This document will highlight the steps undertaken to pre-process and cleanse the OLID 2019 Dataset obtained from Codalab Competition. The link to the competition is [here](https://competitions.codalab.org/competitions/20011#learn_the_details).

All the necessary steps have been extensively explained and it is strongly recommended to follow through with it. Additionally, we would also recommend to run the code within GoodleColab because of it's user friendly environment and robust services offered.

# Importing Required Libraries:

---

For Data Cleansing and Data Wrangling to be carried out we need to import a certain set of libraries into our Developing Environment.

In [570]:
import pandas as pd
import numpy as np
import spacy 
from spacy.lang.en.stop_words import STOP_WORDS as stop

Since the data has been uploaded within my personal Google Drive, the path to the file may vary. It is therefore strongly recommended to upload the files in your personal computer or operating system when running the source code.

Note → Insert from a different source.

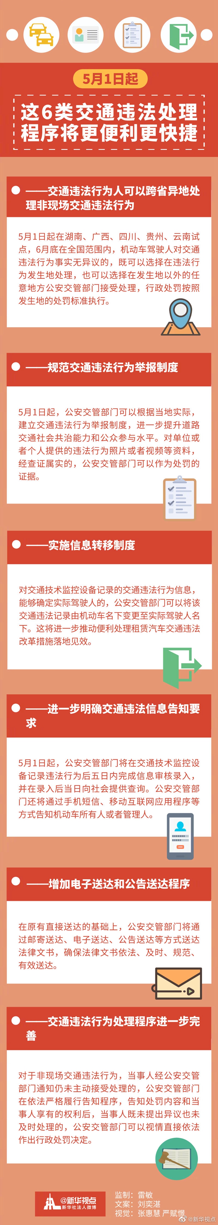 公安部修訂的《道路交通安全違法行為處理程序規(guī)定》將于5月1日起正式實(shí)施,實(shí)施后,處理交通違法將有6個(gè)變化,群眾辦事更便利、更快捷。詳情請(qǐng)看↓

# Uploading & Exploring Dataset in Google Colab:

---

Under this section we would be uploading our datasets that we have downloaded from the CodaLab Competitions. It is extremely important to mention the right file path in order for Google Colab to upload the files in the right manner.

In [571]:
# We mount our Google Drive within Google Colab. Since I have already uploaded my files on my Google Drive
# this task becomes fairly convenient for myself. If running the program, please be sure to mount the 
# dataset on your google drive as well. 

from google.colab import drive
drive.mount('/content/drive')

train_file = 'drive/My Drive/olid-training-v1.0.tsv'

test_file_a = 'drive/My Drive/testset-levela.tsv' 
test_labels_a = 'drive/My Drive/labels-levela.csv' 

test_labels_b = 'drive/My Drive/labels-levelb.csv' 
test_file_b = 'drive/My Drive/testset-levelb.tsv' 

test_file_c = 'drive/My Drive/testset-levelc.tsv' 
test_labels_c = 'drive/My Drive/labels-levelc.csv' 

# Within the Code below, we re run the code to ensure that our files have been
# mounted in the right manner. It is imperative to have the link to the directory
# sent correctly; else the files won't be loaded.

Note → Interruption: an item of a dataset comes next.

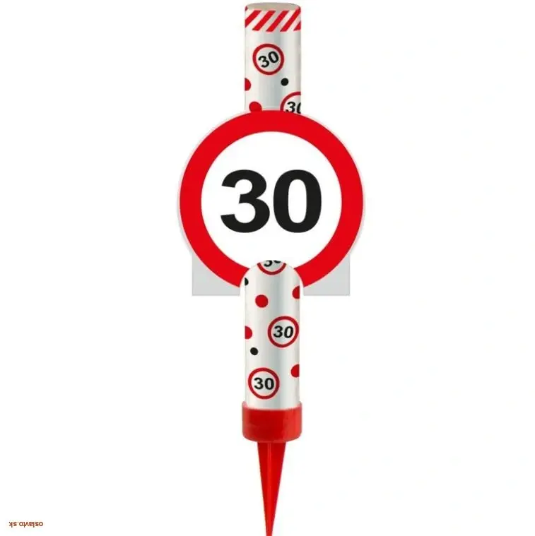 Doprajte svojej oslave poriadnu dávku efektu a prekvapenia s tortovou párty fontánou! Táto iskrivá dekorácia dodá každej torte ten správny wow moment – stačí zapáliť a sledovať, ako sa rozžiari. Táto fontána je špeciálna svojim originálnym dizajnom v tvare dopravnej značky k 30-tym narodeninám.

Drive already mounted at /content/drive; to attempt to forcibly remount, call drive.mount("/content/drive", force_remount=True).


In [572]:
import pandas as pd

df = pd.read_csv('drive/My Drive/olid-training-v1.0.tsv', sep='\t')

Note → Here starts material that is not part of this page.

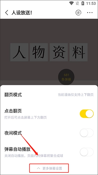 在弹出的菜单界面,点击选择“更多弹幕设置”。
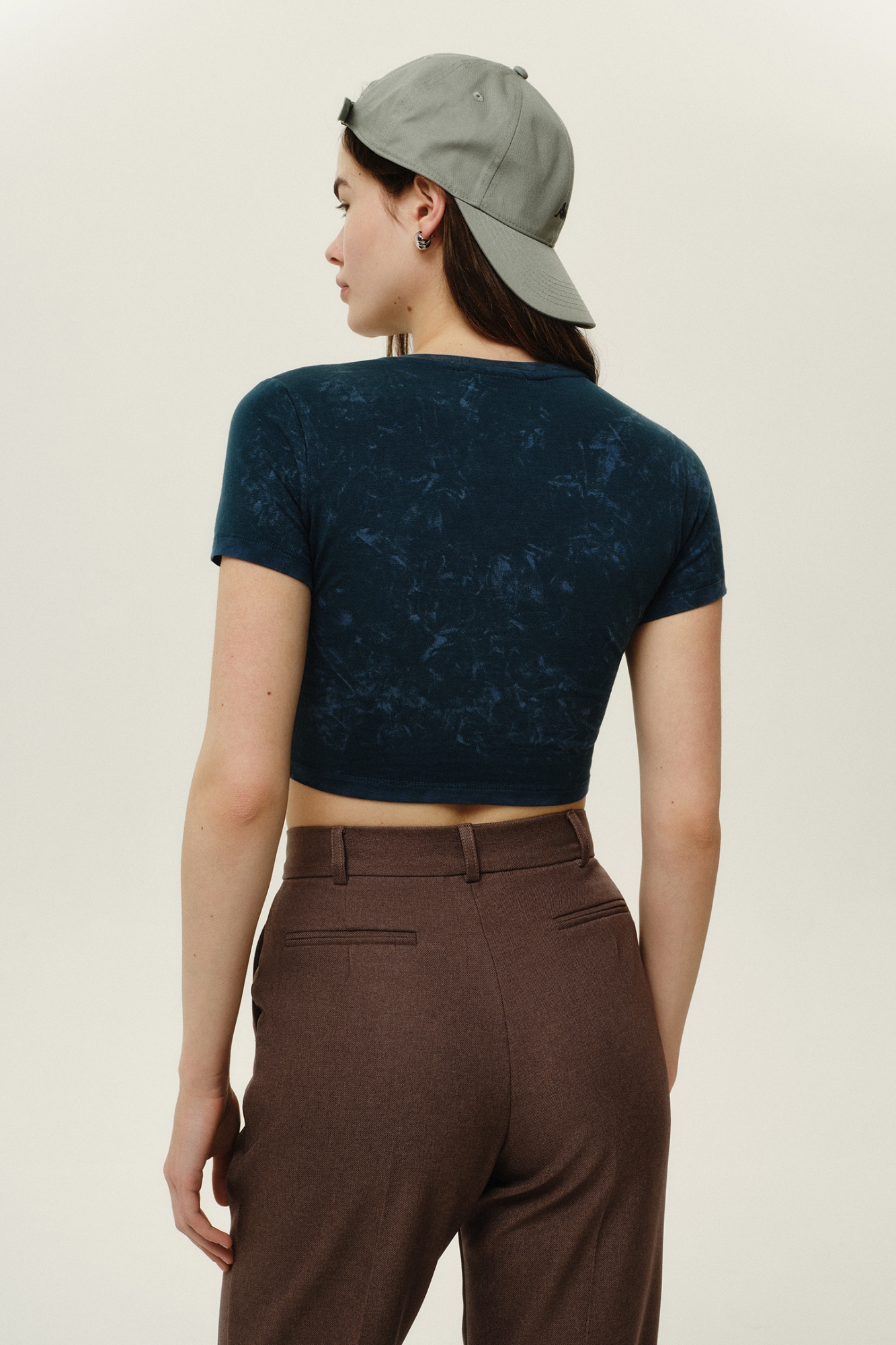 Короткая футболка из хлопка в стиле гранж. Вареный эффект, облегающий силуэт и фирменная надпись на груди. Стилизуйте топ с оверсайз джинсами на заниженной талии, спортивными брюками с защипами или макси юбкой. Представлены в трех цветах.

print (df) # Skimming and looking at the first initial rows of our dataset.

          id  ... subtask_c
0      86426  ...       NaN
1      90194  ...       IND
2      16820  ...       NaN
3      62688  ...       NaN
4      43605  ...       NaN
...      ...  ...       ...
13235  95338  ...       IND
13236  67210  ...       NaN
13237  82921  ...       OTH
13238  27429  ...       NaN
13239  46552  ...       NaN

[13240 rows x 5 columns]


In [573]:
df.shape # It tells us the dimensions of our dataset that is 13240 ROWS spread across 5 COLUMNS.

(13240, 5)

# Categorisation of Tweets According to Sub-Tasks:

---

After having uploaded the OLID 2019 Dataset, we explore and have a high-level approach of looking into how the tweets have been classified and categorised based on the three different sub-tasks.

In [574]:
df['subtask_a'].value_counts() # Categorisation of tweets into Offensive and Not Offensive Category

NOT    8840
OFF    4400
Name: subtask_a, dtype: int64

In [575]:
df['subtask_b'].value_counts() # Categorisation of tweets into Targeted Insult and Untargeted Insult.

TIN    3876
UNT     524
Name: subtask_b, dtype: int64

In [576]:
df['subtask_c'].value_counts() # Categorisation of tweets into Offense targeted towards Individual, Group or Other Category.

IND    2407
GRP    1074
OTH     395
Name: subtask_c, dtype: int64

# Lowercasing All Tweets Present:

---

As human beings we have the ability to express different emotions by capitalising on text messages or tweets. The machine doesn't have the necessary ability to read emotions due to which we would be lower casing all the tweets from our OLID 2019 Dataset.

In [577]:
df.sample(5)

Unnamed: 0,id,tweet,subtask_a,subtask_b,subtask_c
5191,33006,@USER @USER He is probably dying due to dog fu...,NOT,,
5128,27384,"@USER OK, on second thought, Antifa wasn't eve...",NOT,,
4651,63857,@USER From the liberal media.....Yea...we shou...,NOT,,
10359,63019,@USER Funny. She had no problem sleeping her ...,NOT,,
5195,50275,@USER Look at how shamelessly liberals lie to ...,OFF,TIN,GRP


In [578]:
x = 'LOCKDOWN SUCKS'

In [579]:
x.lower()

'lockdown sucks'

In [580]:
df['processed_tweet'] = df['tweet'].apply(lambda x: str(x).lower())

In [581]:
df.sample(5)

Unnamed: 0,id,tweet,subtask_a,subtask_b,subtask_c,processed_tweet
11154,31511,#boom @USER maybe that book deal isnt such a g...,NOT,,,#boom @user maybe that book deal isnt such a g...
3808,95018,@USER He will never live this down! You know h...,NOT,,,@user he will never live this down! you know h...
8261,36520,.@USER won this round. Yucker ALWAYS interrupt...,OFF,TIN,IND,.@user won this round. yucker always interrupt...
12864,82767,@USER bakkt is doing what an ETF would have do...,OFF,TIN,IND,@user bakkt is doing what an etf would have do...
9766,92852,@USER @USER @USER @USER @USER @USER @USER @USE...,OFF,UNT,,@user @user @user @user @user @user @user @use...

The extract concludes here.